PROMPT. Reproduce the listing word for word, leaving every picture behind.

(Beginning of TASK INPUT)

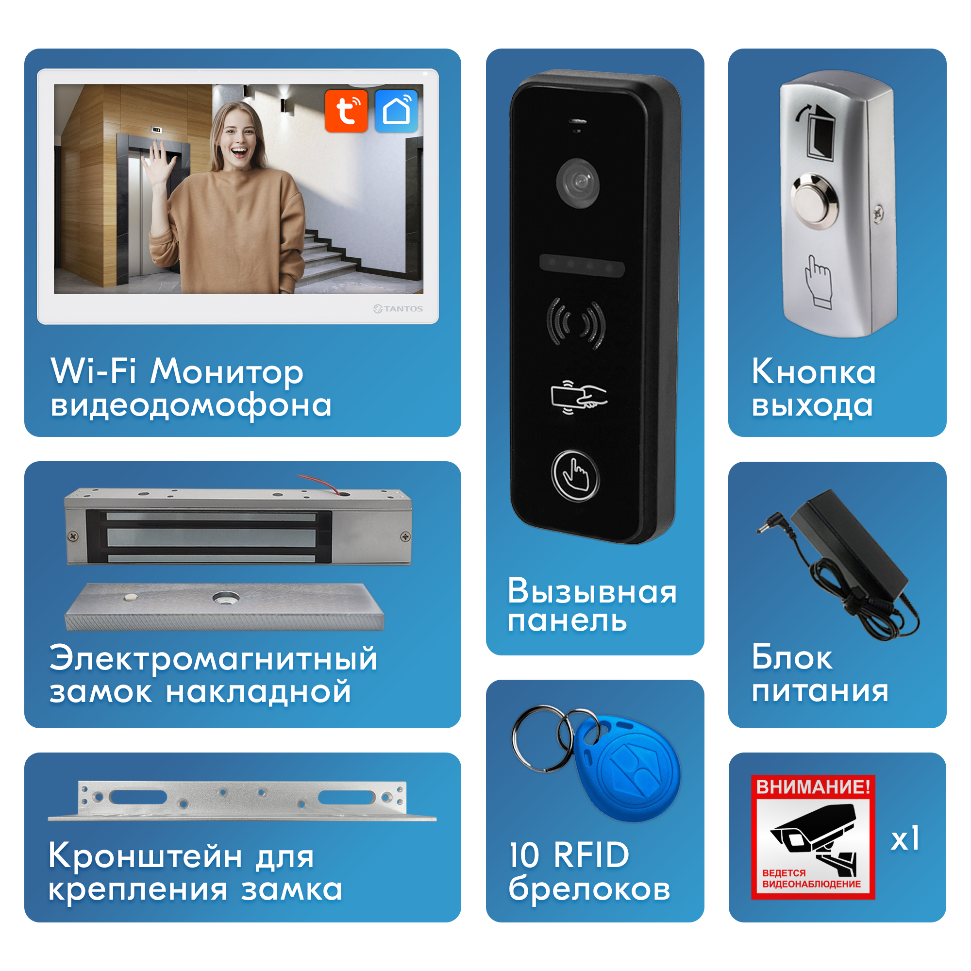 Комплект видеодомофона Wi-Fi 10", вызывная панель со встроенным считывателем , электромагнитный замок 280кг - Белый интересное:
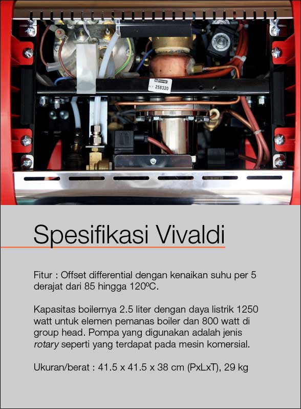 Terlepas dari ukuran portafilter-nya yang berdiameter 53cm, yang menurut saya justru merupakan kelebihannya, Vivaldi adalah sebuah mesin espresso yang begitu toleran hingga cukup mudah digunakan. Sedikit over dose, tamping agak miring, misalnya, buat Vivaldi hal tersebut bukanlah dosa besar dan tak terampuni. Apalagi portafilter-nya yang single sangat membantu menghemat kopi karena biasanya pada yang berdiameter 58mm, agak sulit menghasilkan shot yang bagus, setidaknya buat saya. Cocok dengan namanya Vivaldi, sebagaimana nama komposer Baroque yang hasil karyanya tidak njlimet dan mudah untuk dinikmati bagi siapapun yang awam dengan musik klasik.
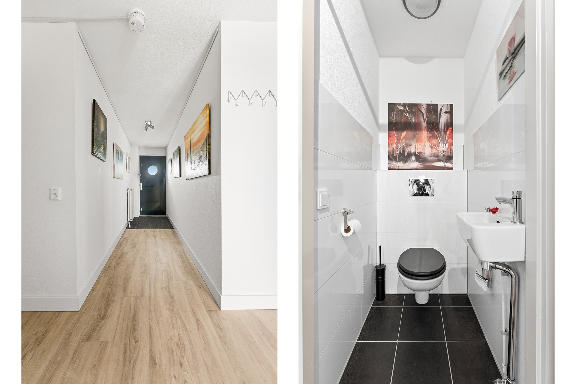 Toilet: Het separate toilet is keurig afgewerkt met zwart-witte tegels en beschikt over een zwevend toilet en een klein fonteintje. Mechanische ventilatie zorgt voor een aangename luchtcirculatie.
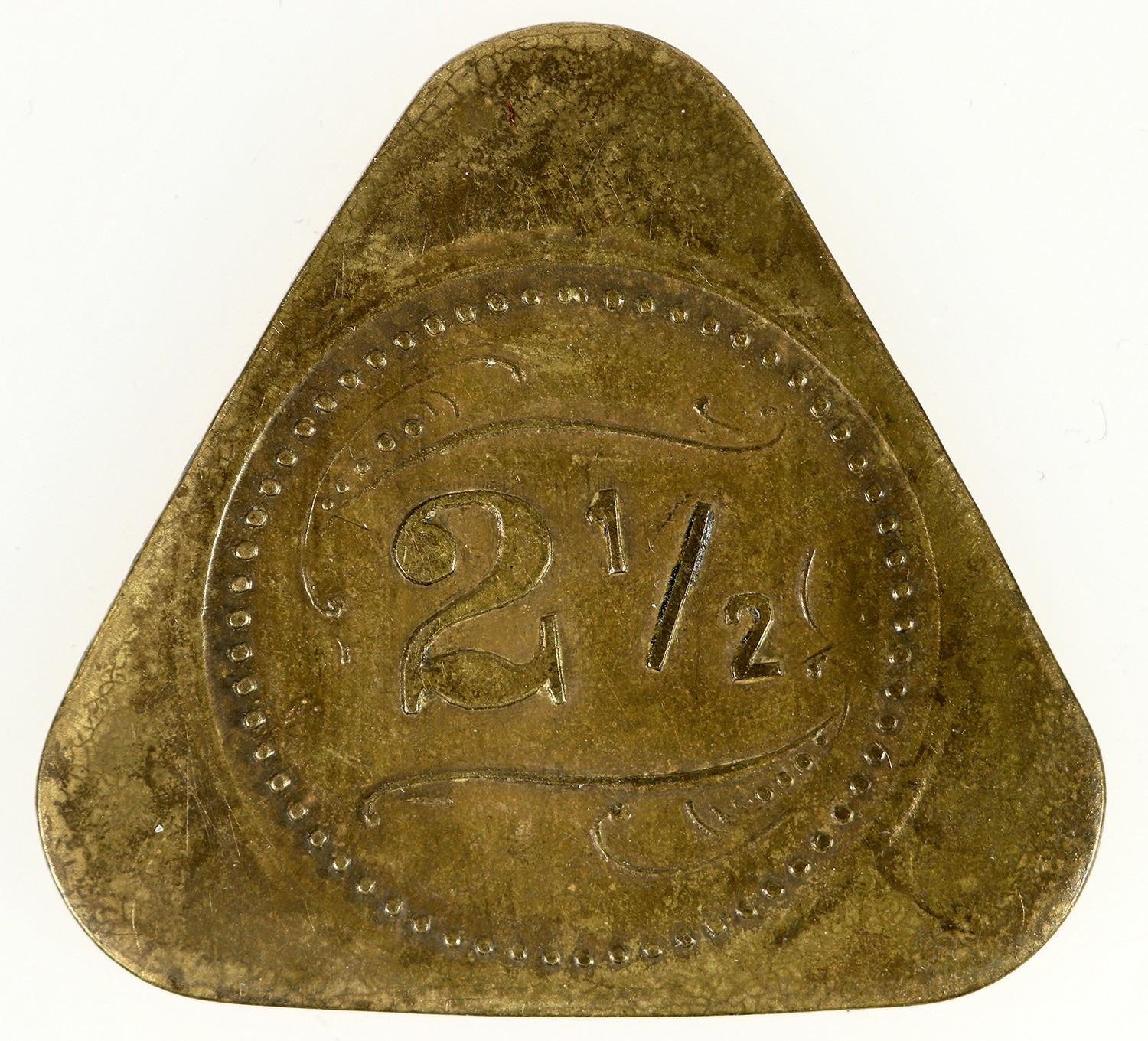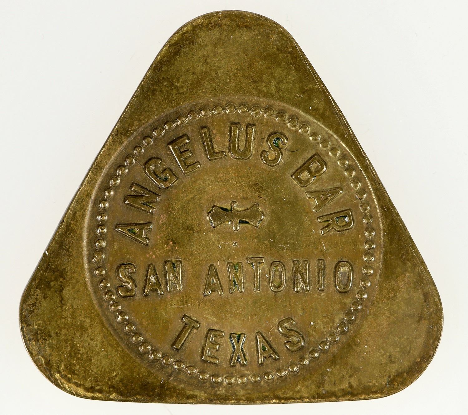 There are four varieties of this triangular 2 1/2 cent token in the tokencatalog.com and this one is different. ANGELUS BAR / SAN ANTONIO, / TEXAS. // GOOD FOR / 2Ω¢ / IN TRADE; Br., tri., 31 mm. The Angelus Bar was associated with the Angelus Hotel, W. S. Franks, Manager "Angelus Bar" at 102 S. Alamo 1909 City Directory. (tokencatalog.com)
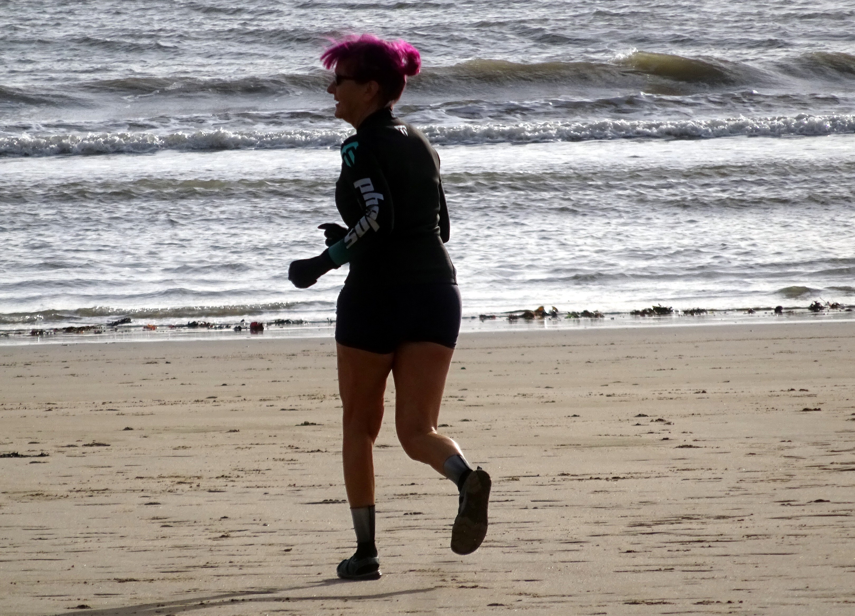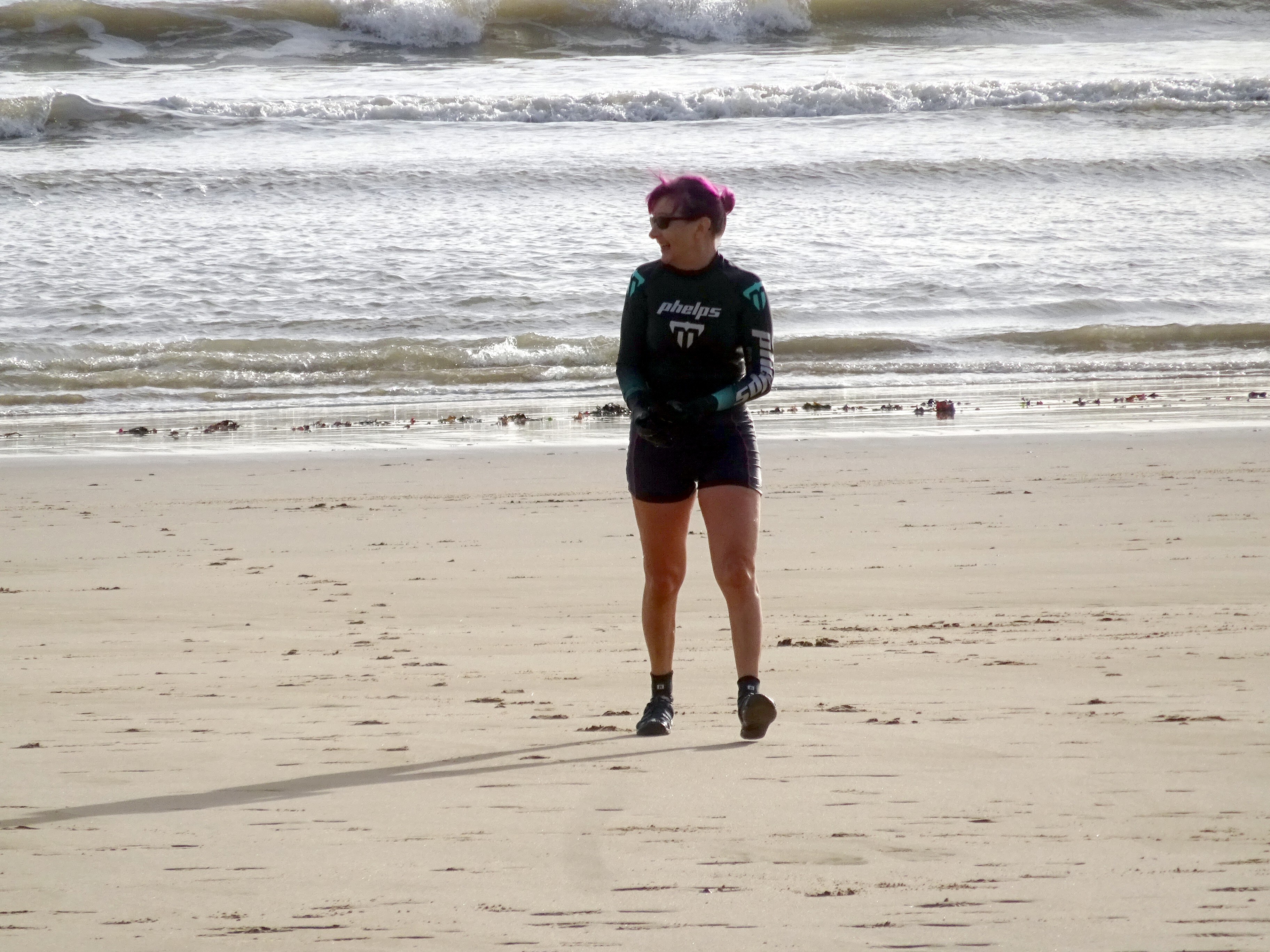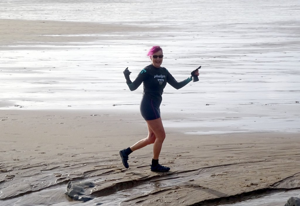 I’m just getting used to the idea of going in the sea in November. I have some doubts about my sanity. I’m not quite sure why as I used to water ski on the river Trent on Boxing day – I was about 18 then tho. Also, I did a stint as a lifeguard on Langold lake, north Notts., at around about the same time. Also, I got dunked in the sea one February, a couple of years ago, by Frank when he tripped over his own legs at Oxwich. The sea did not feel cold at all then but when you’ve got half a ton of horse thrashing around you and you think you might die, then being cold is the last thing on your mind. Wonderful thing adrenaline- it takes all the pain (and cold) away in situations like that. Still….it does feel a bit weird to be walking into the sea when everyone else on the beach is wearing hats and scarves….
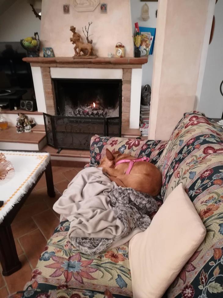 愛犬ピッパも疲れたのか、暖炉のソファーで一眠り。。。
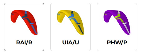 Wing weight may vary up to 50g per size due to slight variations in the manufacturing of the fabric used.
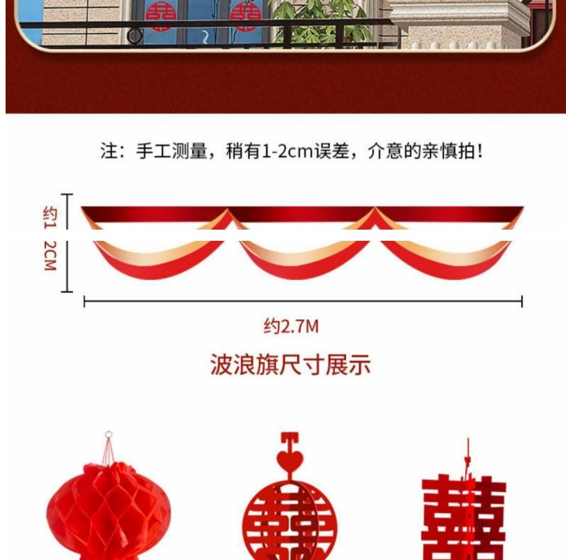 | 波浪旗+大红拉花+喜字吊坠 | ¥2527 | 99999件可售 |
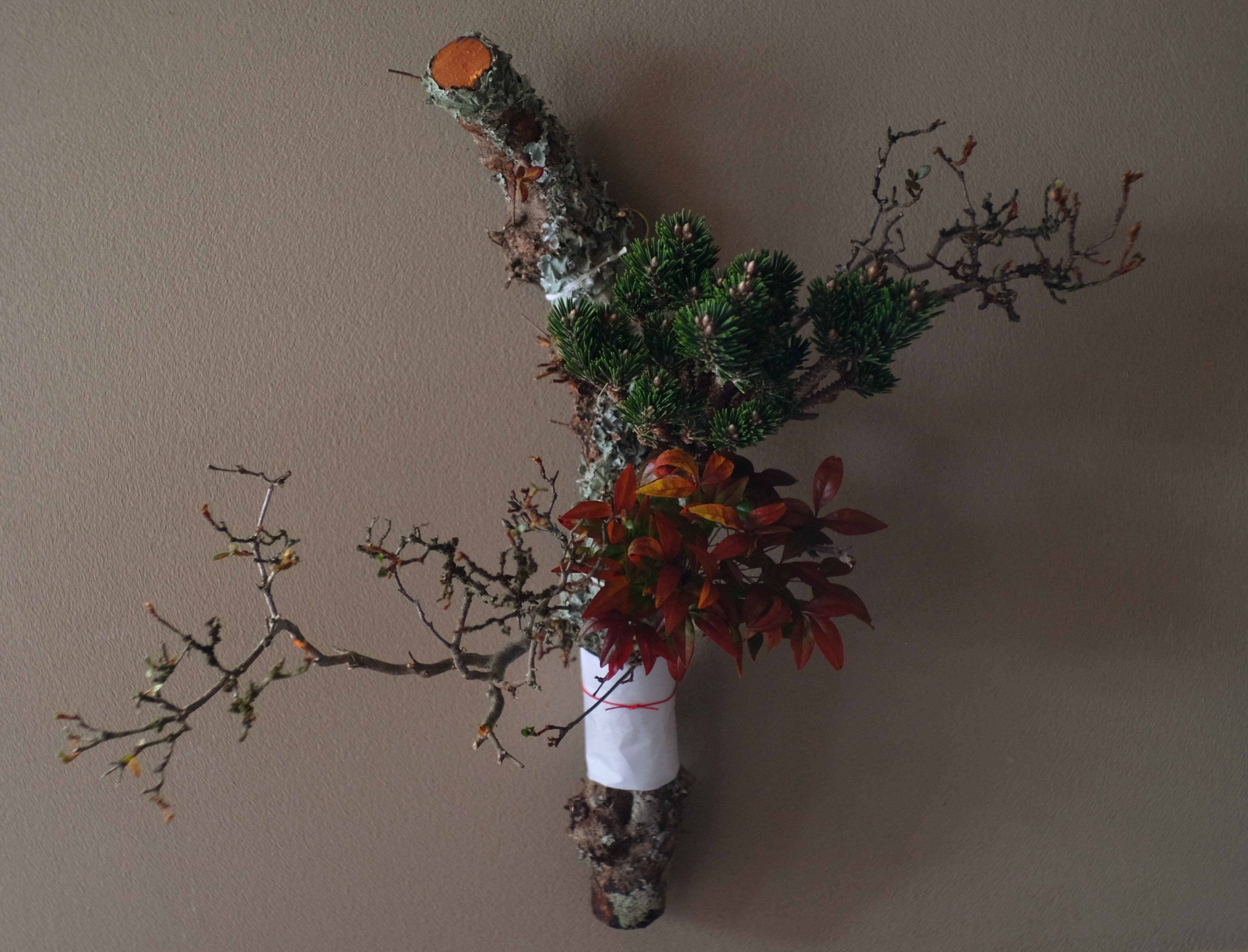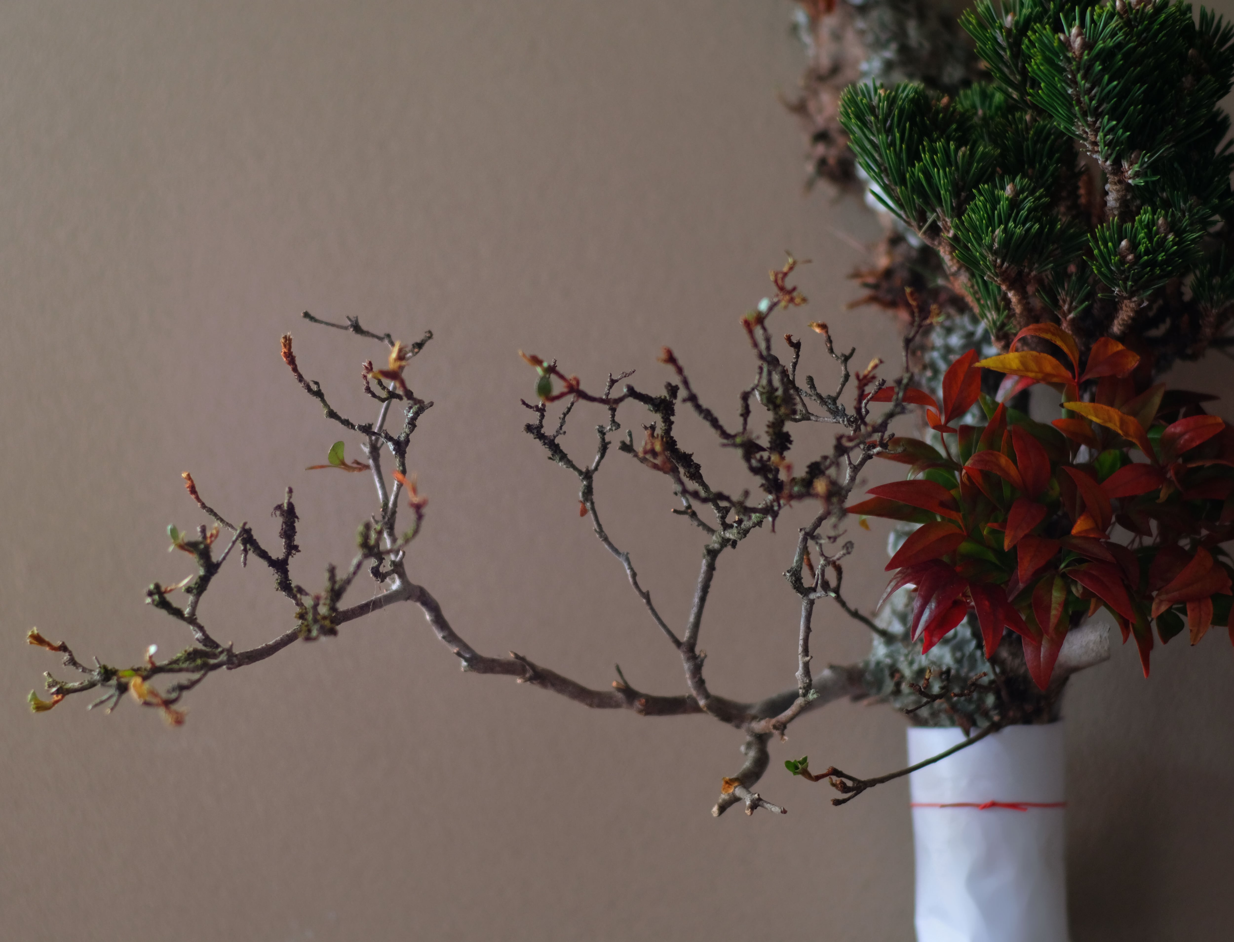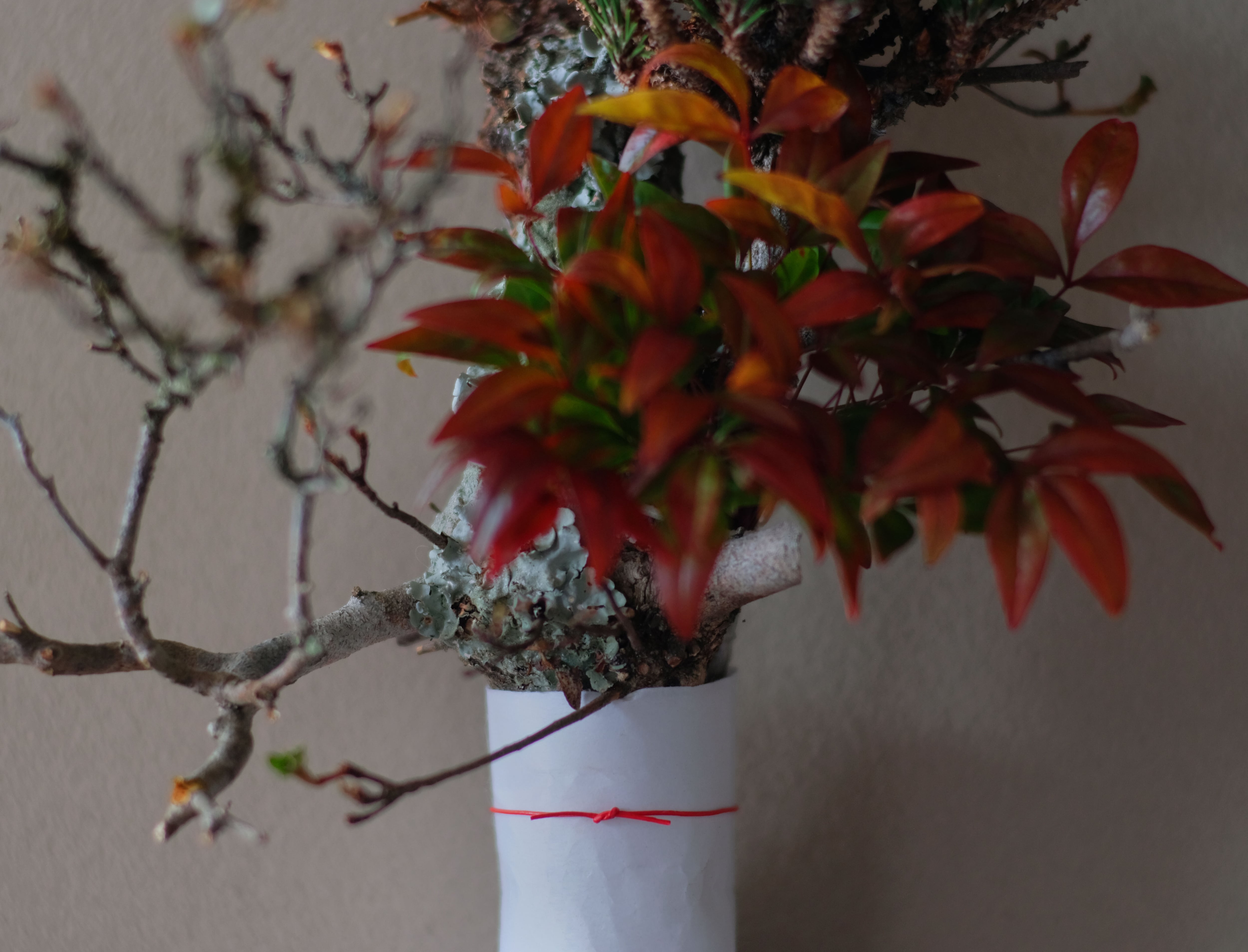 material : 寿松 , 南天 , 苔木 , 和紙 , 水引

(End of TASK INPUT)

SOLUTION.
 Комплект видеодомофона Wi-Fi 10", вызывная панель со встроенным считывателем , электромагнитный замок 280кг - Белый интересное:
 Terlepas dari ukuran portafilter-nya yang berdiameter 53cm, yang menurut saya justru merupakan kelebihannya, Vivaldi adalah sebuah mesin espresso yang begitu toleran hingga cukup mudah digunakan. Sedikit over dose, tamping agak miring, misalnya, buat Vivaldi hal tersebut bukanlah dosa besar dan tak terampuni. Apalagi portafilter-nya yang single sangat membantu menghemat kopi karena biasanya pada yang berdiameter 58mm, agak sulit menghasilkan shot yang bagus, setidaknya buat saya. Cocok dengan namanya Vivaldi, sebagaimana nama komposer Baroque yang hasil karyanya tidak njlimet dan mudah untuk dinikmati bagi siapapun yang awam dengan musik klasik.
 Toilet: Het separate toilet is keurig afgewerkt met zwart-witte tegels en beschikt over een zwevend toilet en een klein fonteintje. Mechanische ventilatie zorgt voor een aangename luchtcirculatie.
 There are four varieties of this triangular 2 1/2 cent token in the tokencatalog.com and this one is different. ANGELUS BAR / SAN ANTONIO, / TEXAS. // GOOD FOR / 2Ω¢ / IN TRADE; Br., tri., 31 mm. The Angelus Bar was associated with the Angelus Hotel, W. S. Franks, Manager "Angelus Bar" at 102 S. Alamo 1909 City Directory. (tokencatalog.com)
 I’m just getting used to the idea of going in the sea in November. I have some doubts about my sanity. I’m not quite sure why as I used to water ski on the river Trent on Boxing day – I was about 18 then tho. Also, I did a stint as a lifeguard on Langold lake, north Notts., at around about the same time. Also, I got dunked in the sea one February, a couple of years ago, by Frank when he tripped over his own legs at Oxwich. The sea did not feel cold at all then but when you’ve got half a ton of horse thrashing around you and you think you might die, then being cold is the last thing on your mind. Wonderful thing adrenaline- it takes all the pain (and cold) away in situations like that. Still….it does feel a bit weird to be walking into the sea when everyone else on the beach is wearing hats and scarves….
 愛犬ピッパも疲れたのか、暖炉のソファーで一眠り。。。
 Wing weight may vary up to 50g per size due to slight variations in the manufacturing of the fabric used.
 | 波浪旗+大红拉花+喜字吊坠 | ¥2527 | 99999件可售 |
 material : 寿松 , 南天 , 苔木 , 和紙 , 水引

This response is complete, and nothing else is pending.